## Input
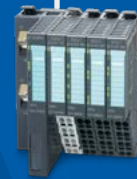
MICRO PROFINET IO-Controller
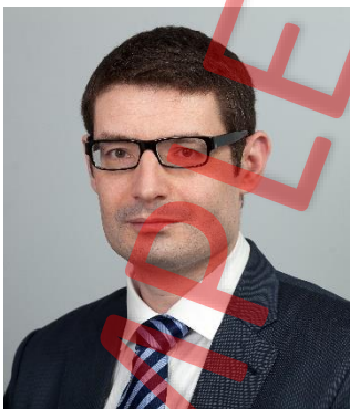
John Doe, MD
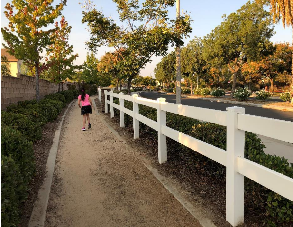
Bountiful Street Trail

* * *

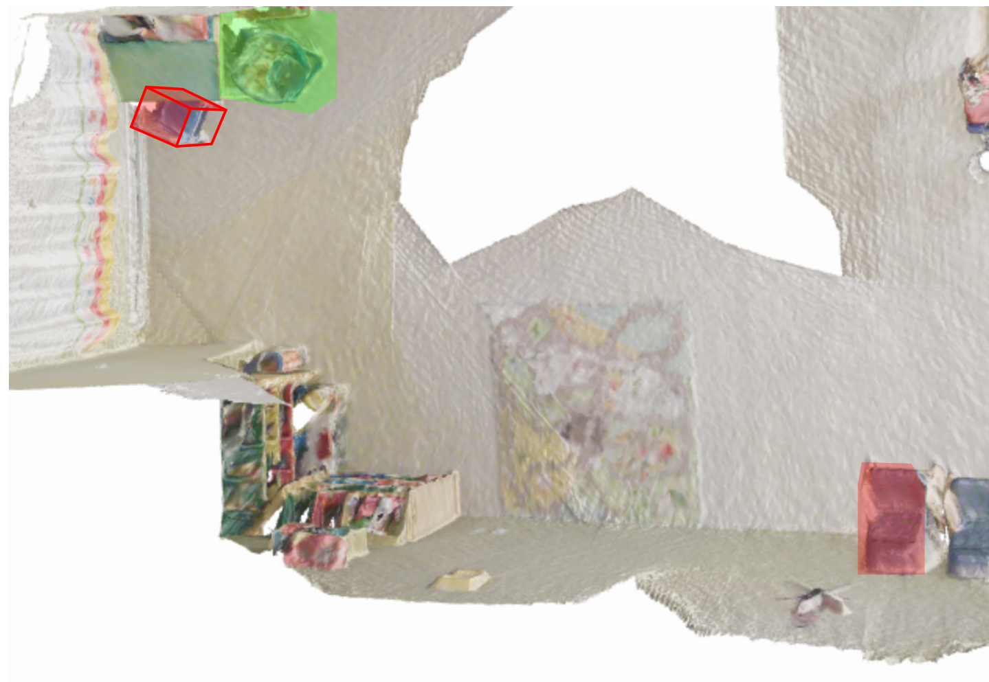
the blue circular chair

==

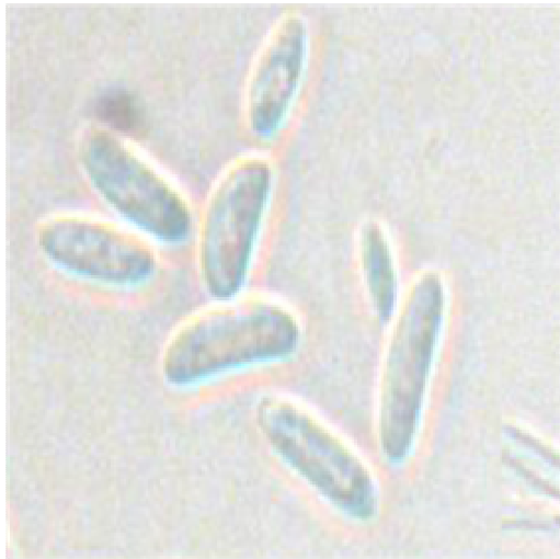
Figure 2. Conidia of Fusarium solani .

## Assignment
Return, exactly as they stand, the lines above from the one with "MICRO PROFINET IO-Controller" to the one with "Bountiful Street Trail", omitting any pictures among them.

## Response below
MICRO PROFINET IO-Controller
John Doe, MD
Bountiful Street Trail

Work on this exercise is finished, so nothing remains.